## Recorded data:
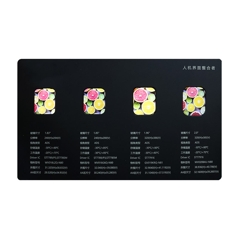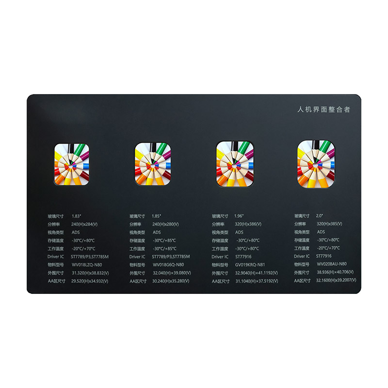 2.0 hazbeteko izkina biribila duen LCD pantaila honek ezin hobeto konbinatzen ditu estetika eta errendimendua. 320x385 bereizmeneko LCD teknologia ADS ikusteko angelua duena, ikus-entzunezko biziak eta errealistak eskaintzen ditu. Erloju adimendunetarako eta kalitate handiko audio sistemetarako bezalako gailuetarako optimizatuta dago, tenperatura zabalerako moldagarritasuna eta kontrolatzaile IC eraginkorrak epe luzerako egonkortasuna bermatzen dute. Txoko biribilen diseinu dotoreak ukitu bikaina gehitzen du, azken produktuaren ikusmenaren erakargarritasuna eta merkatuko lehiakortasuna nabarmen hobetuz.
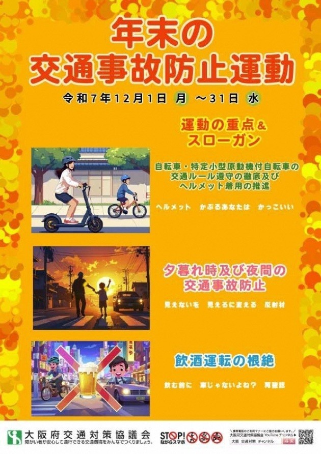 大阪府交通対策協議会会長から大阪府教育庁教育振興室保健体育課長、及び枚方市教育委員会支援教育課長を通じて「年末の交通事故防止運動」の啓発について依頼がありました。
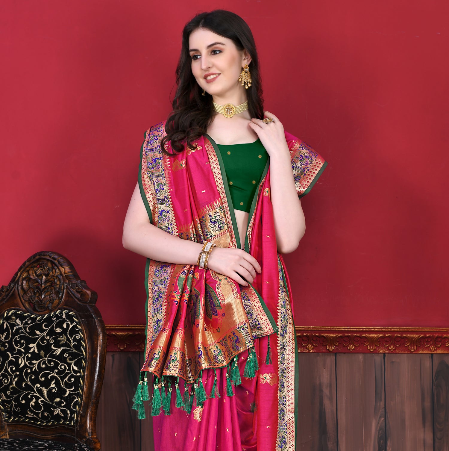 Pink Color Zari Woven Soft Paithani Silk Sarees With Rich Weaving Pallu with tassels.

## Exercise details:
Print the material above word for word, and keep the pictures out of it.

## Answer:
 2.0 hazbeteko izkina biribila duen LCD pantaila honek ezin hobeto konbinatzen ditu estetika eta errendimendua. 320x385 bereizmeneko LCD teknologia ADS ikusteko angelua duena, ikus-entzunezko biziak eta errealistak eskaintzen ditu. Erloju adimendunetarako eta kalitate handiko audio sistemetarako bezalako gailuetarako optimizatuta dago, tenperatura zabalerako moldagarritasuna eta kontrolatzaile IC eraginkorrak epe luzerako egonkortasuna bermatzen dute. Txoko biribilen diseinu dotoreak ukitu bikaina gehitzen du, azken produktuaren ikusmenaren erakargarritasuna eta merkatuko lehiakortasuna nabarmen hobetuz.
 大阪府交通対策協議会会長から大阪府教育庁教育振興室保健体育課長、及び枚方市教育委員会支援教育課長を通じて「年末の交通事故防止運動」の啓発について依頼がありました。
 Pink Color Zari Woven Soft Paithani Silk Sarees With Rich Weaving Pallu with tassels.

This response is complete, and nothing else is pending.